A board above the trading floor of the New York Stock Exchange shows the Dow Jones industrial average above 21,000, Wednesday. (AP Photo/Richard Drew)

U.S. stocks surged in early trading Wednesday, pushing the Dow Jones industrial average above 21,000 points for the first time. Banks and other financial stocks led the gainers amid fresh expectations that interest rates will rise. Energy companies also rose as oil prices headed higher. The rally came a day after President Donald Trump addressed Congress, reiterating plans to cut taxes and push for other business-friendly policies.

The Dow jumped 242 points, or 1.2 percent, to 21,055 as of 10:07 a.m. Eastern Time. The Standard & Poor’s 500 index gained 24 points, or 1 percent, to 2,387. The Nasdaq composite index added 59 points, or 1 percent, to 5,885. Small-company stocks continued to outpace the rest of the market, a bullish signal on the economy. The Russell 2000 index rose 24 points, or 1.7 percent, to 1,410.

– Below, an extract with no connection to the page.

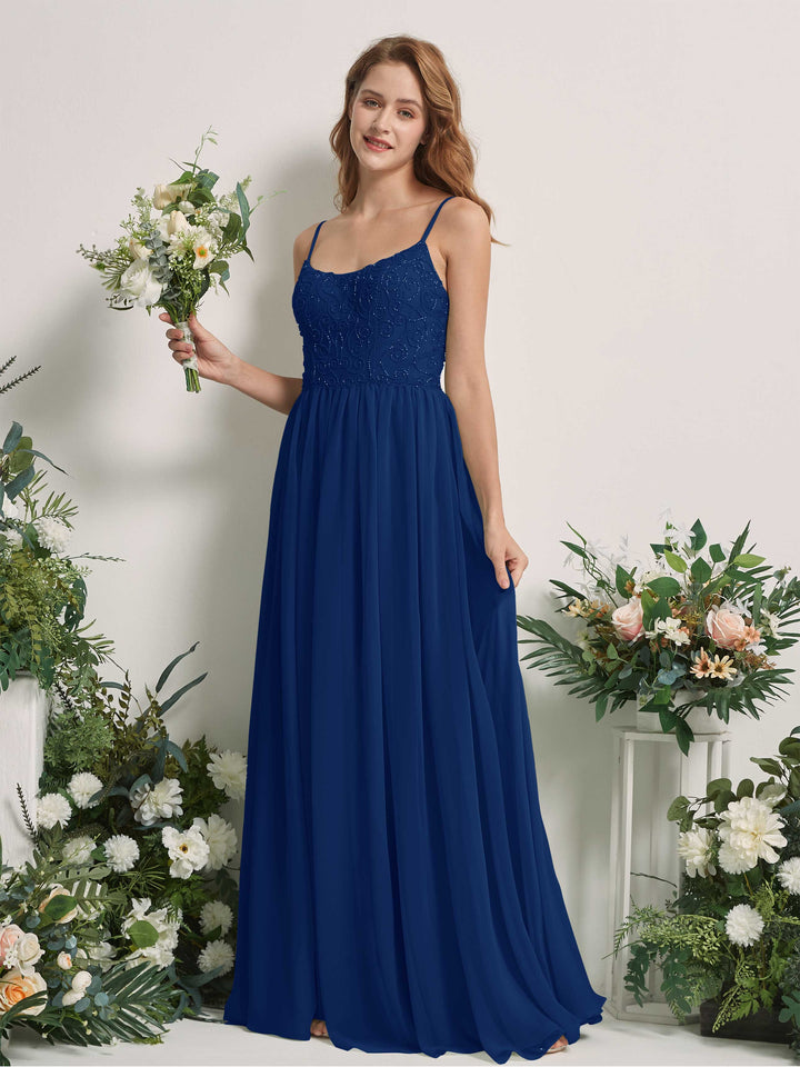 Royal Blue Chiffon A-Line Scoop Neck Strappy Back Maxi Dress

In his speech, President Trump struck a less confrontational tone than usual and steered away from dramatically negative descriptions of the state of the U.S. economy. He also reiterated his pledges to reform taxes, slash red tape and ramp up spending on defense and infrastructure projects. The promises have helped send U.S. stock benchmarks to records, but President Trump offered little by way of detail.

Investors bid up bank shares in anticipation that interest rates will rise. JPMorgan Chase climbed $2.61, or 2.9 percent, to $93.24. Goldman Sachs rose $6.81, or 2.8 percent, to $254.90.

In Europe, Germany’s DAX was up 1.4 percent, while France’s CAC 40 was 1.6 percent higher. Britain’s FTSE 100 was up 1.1 percent. Earlier in Asia, Japan’s benchmark Nikkei 225 gained 1.4 percent, while Australia’s S&P/ASX 200 slipped 0.1 percent. Hong Kong’s Hang Seng added 0.2 percent. South Korea’s markets were closed for a holiday.

Benchmark U.S. crude was up 29 cents, or 0.5 percent, at $54.30 a barrel in New York. Brent crude, which is used to price international oils, was up 26 cents, or 0.5 percent, at $56.77 a barrel in London.

Bond prices fell and yields rose after a key Federal Reserve official, New York Fed President William Dudley, said the case for raising interest rates had gotten stronger. The 10-year Treasury yield rose to 2.46 percent from 2.40 percent late Tuesday.

The dollar rose to 113.92 yen from Tuesday’s 112.17 yen. The euro slipped to $1.0533 from $1.0597.